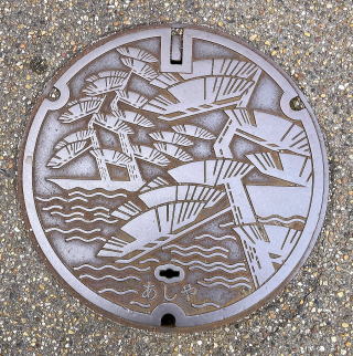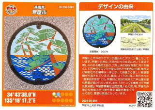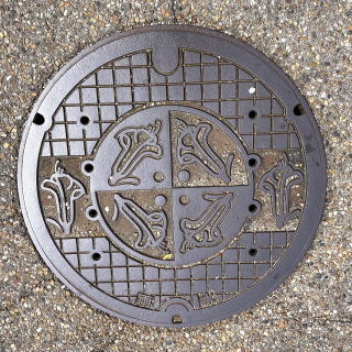 その 7 市の花:コバノミツバツツジを描いた 雨水専用の蓋 撮影場所; 阪神電車 「芦屋駅」付近 撮影日:2023年4月2日 |
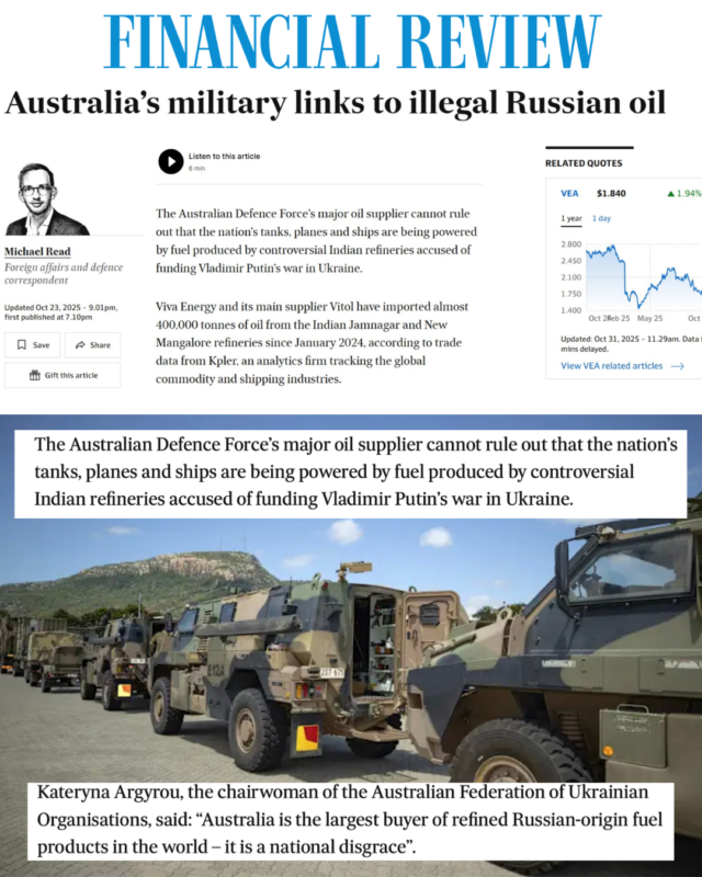 Australia continues importing refined russian crude oil while Ukrainian cities burn. Every dollar we spend on russian oil funds Putin’s war machine.
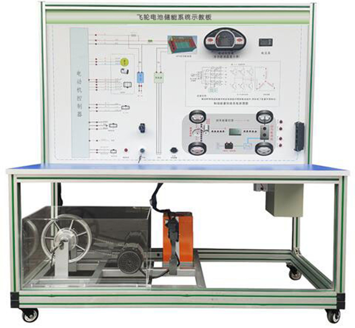 以電動汽車飛輪儲能系統(tǒng)原理為基礎(chǔ)設(shè)計,系統(tǒng)包含動力電源,動力電機,能量回收電機,慣性飛輪儲能裝置、電機驅(qū)動器,油門踏板,剎車開關(guān)、帶電機驅(qū)動系統(tǒng)結(jié)構(gòu)及工作原理的面板,可進行能量回收實驗,可以通過調(diào)節(jié)不同轉(zhuǎn)速實現(xiàn)飛輪儲能,調(diào)節(jié)能量回收開關(guān)即控制電機進行能量回收,通過采集能量回收電機的輸出電量實現(xiàn)采集不同工況下飛輪儲能多少,用來進行飛輪儲能的驗證實驗;
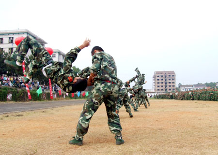 院长刘演林在副院长颜彩飞、承担本次军训任务的武警邵阳支队副支队长刘日升的陪同下检阅了雄壮的军训队伍。随后,举行盛大的阅兵式。在教官的带领下,新生们迈着整齐的步伐,雄赳赳、气昂昂地走过主席台前,接受全体领导的检阅。军训教官们还进行了综合倒功表演,他们的动作虎虎生威,赢得了大家热烈的掌声和欢呼。
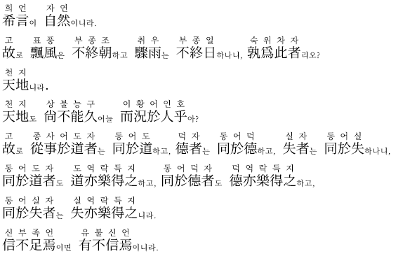 도와 하나가 된 자는 도 역시 기꺼이 그를 얻으려 하고, 덕과 하나가 된 자는 덕 역시 기꺼이 그를 얻으려 하며, 잃음과 하나가 된 자는 잃음 역시 기꺼이 그를 얻으려 한다.
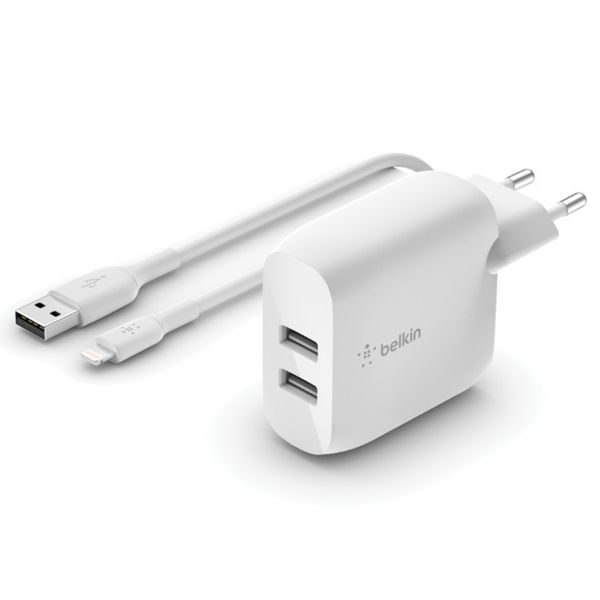 Ce Dual USB Wall Charger Boost↑Charge™ est le chargeur idéal pour la maison ! Le chargeur dispose de deux ports USB universels avec un rendement commun de 24 Watts afin que deux appareils puissent être rechargés rapidement en même temps. Le chargeur se recharge plus vite que les chargeurs traditionnels qui n'ont qu'un rendement de 5 Watts.
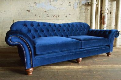 Blauer Dreisitzer Samt Couch Wohnzimmer Couchen Sofa Sitzmöbel Sofa Chesterfield
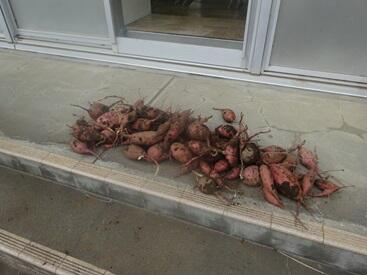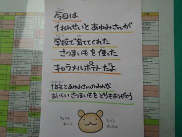 今日の給食に、「キャラメルポテト」が出されました。さつまいもを油で揚げて、砂糖やキャラメル粉をまぶしたものです。このさつまいもは、下の写真にあるように、1年生とあゆみ学級のみんなが育てて、10月に収穫してくれたさつまいもです。外はカリカリ、中はホクホク。さつまいもの甘さと砂糖の甘さが合わさり、とてもおいしくいただきました。栄養士の先生からのメッセージです。「おいしいさつまいもをどうもありがとう」
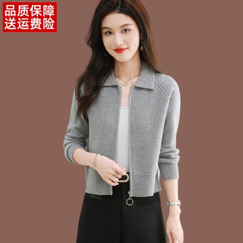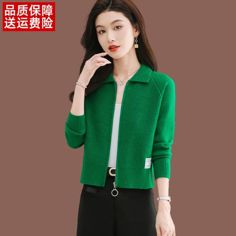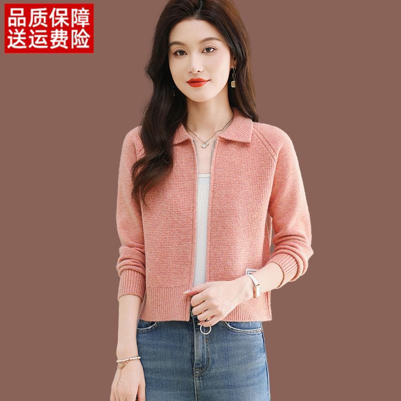 小香风红色毛衣外套女短款春装翻领上衣小款配裙外搭羊毛针织开衫
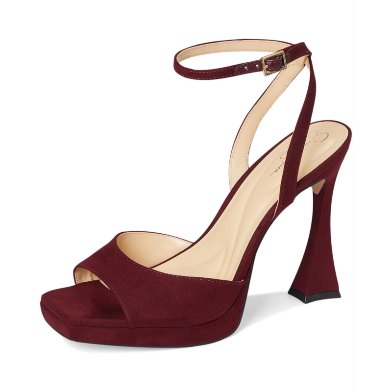 - The Jessica Simpson Jixte Platform Sandals are a classic silhouette, designed to elevate your look with retro-inspired flair. Featuring a chunky comma heel, modest platform, and angular square toe, it blends nostalgic charm with modern edge. The buckle adjustable ankle strap ensures a secure fit.
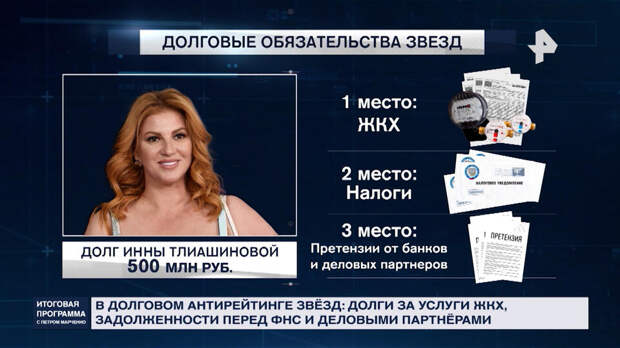 В долговом анти-рейтинге богатых и знаменитых самые разные счета, которые вовремя не были погашены. На первом месте – от служб ЖКХ. На втором – от налоговиков. На третьем – претензии от банков и деловых партнеров. Самая злостная неплательщица – блогер Инна Тлиашинова. На ней числится полмиллиарда рублей.
===
Starting from the line with "小香风红色毛衣外套女短款春装翻领上衣小款配裙外搭羊毛针织开衫" in the records above, repeat each line exactly until you have written the line with "- The Jessica", then stop; drop the pictures.

-- RESULT OF THIS TASK --
 小香风红色毛衣外套女短款春装翻领上衣小款配裙外搭羊毛针织开衫
 - The Jessica Simpson Jixte Platform Sandals are a classic silhouette, designed to elevate your look with retro-inspired flair. Featuring a chunky comma heel, modest platform, and angular square toe, it blends nostalgic charm with modern edge. The buckle adjustable ankle strap ensures a secure fit.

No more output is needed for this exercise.